Here is Florida Republican Congresswoman Ileana Ros Lehtinen:

"As today's news reports clearly show, Iran already has short and medium range missiles capable of reaching U.S. forces and allies in the region and is also pursuing long-range ballistic missiles to enable it to reach Europe and possibly the United States," she explained.

Illinois Republican Mark Kirk called on the G8 nations to impose a quarantine on gasoline exports to Iran, which depends on fuel imports, and said the U.S. should do more to protect Israel from Iranian threats:

"It's time for the United States to offer full ballistic missile defenses for Israel.
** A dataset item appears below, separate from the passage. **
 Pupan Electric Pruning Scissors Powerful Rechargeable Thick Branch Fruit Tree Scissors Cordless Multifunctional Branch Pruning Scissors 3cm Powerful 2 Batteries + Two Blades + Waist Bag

Democracies are best when they stick together," he said.

Congressman Gary Ackerman was among Democrats launching renewed criticisms of the Bush administration over its reluctance to fully implement provisions of the Iran Sanctions Act.
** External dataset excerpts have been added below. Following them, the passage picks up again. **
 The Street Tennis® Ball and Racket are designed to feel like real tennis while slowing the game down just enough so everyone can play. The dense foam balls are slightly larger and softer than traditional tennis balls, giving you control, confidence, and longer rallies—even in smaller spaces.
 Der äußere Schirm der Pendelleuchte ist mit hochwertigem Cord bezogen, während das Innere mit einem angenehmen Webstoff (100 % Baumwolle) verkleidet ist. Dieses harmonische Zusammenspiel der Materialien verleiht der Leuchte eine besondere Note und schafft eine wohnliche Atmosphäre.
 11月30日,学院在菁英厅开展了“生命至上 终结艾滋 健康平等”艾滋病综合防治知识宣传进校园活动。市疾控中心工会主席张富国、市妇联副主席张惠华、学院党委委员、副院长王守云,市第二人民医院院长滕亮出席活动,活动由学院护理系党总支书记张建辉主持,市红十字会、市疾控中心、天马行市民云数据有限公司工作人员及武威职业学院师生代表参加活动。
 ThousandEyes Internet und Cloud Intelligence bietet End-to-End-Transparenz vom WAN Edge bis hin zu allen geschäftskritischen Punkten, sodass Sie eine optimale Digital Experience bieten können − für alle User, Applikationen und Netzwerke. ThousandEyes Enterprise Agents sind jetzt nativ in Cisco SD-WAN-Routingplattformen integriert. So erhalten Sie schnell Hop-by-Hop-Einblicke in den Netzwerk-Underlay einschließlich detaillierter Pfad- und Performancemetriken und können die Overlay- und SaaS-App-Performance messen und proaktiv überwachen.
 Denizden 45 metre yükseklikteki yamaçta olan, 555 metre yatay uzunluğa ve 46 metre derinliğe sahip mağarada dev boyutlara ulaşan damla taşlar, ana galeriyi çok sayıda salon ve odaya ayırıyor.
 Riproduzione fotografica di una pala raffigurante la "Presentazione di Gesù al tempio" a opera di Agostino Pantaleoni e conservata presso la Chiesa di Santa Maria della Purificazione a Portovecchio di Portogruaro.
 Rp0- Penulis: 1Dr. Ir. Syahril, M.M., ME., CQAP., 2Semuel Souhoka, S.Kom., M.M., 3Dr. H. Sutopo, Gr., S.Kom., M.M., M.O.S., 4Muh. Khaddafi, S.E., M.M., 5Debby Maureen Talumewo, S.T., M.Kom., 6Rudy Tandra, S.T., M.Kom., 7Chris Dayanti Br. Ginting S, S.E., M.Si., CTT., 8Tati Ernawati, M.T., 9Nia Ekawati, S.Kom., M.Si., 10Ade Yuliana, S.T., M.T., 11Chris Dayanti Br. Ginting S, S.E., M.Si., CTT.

"The administration has never implemented the Iran Sanctions Act, even though nearly 20 international companies and consortia have crossed the so-called red line of investing $20 million in Iran's energy sector," he said. "That shows them that the benefits are all there, but the costs are not to be paid."

Ackerman was supported by Republican Dan Burton who says more needs to be done to impose and enforce stronger economic and investment sanctions:

"We haven't been putting pressure on them to stop doing business with Iran when we say we're imposing every kind of sanction possible," he noted.

In his testimony, Undersecretary Burns reiterated long-standing Bush administration policy that it is fully committed to diplomacy, repeating that while on the table, the military option remains a last resort.

Burns provided this assessment of Iran's nuclear program:

"While deeply troubling, Iran's real nuclear progress has been less than the sum of its boasts," he explained. "It has not yet perfected enrichment and as a direct result of U.N. sanctions, Iran's ability to procure technology or items of significant for its nuclear or missile programs, even dual-use items, has been impaired."

At the same time, Burns says Iran still has not complied with U.N. Security Council resolutions regarding its uranium enrichment, or answered questions from the International Atomic Energy Agency about its past weaponization activities.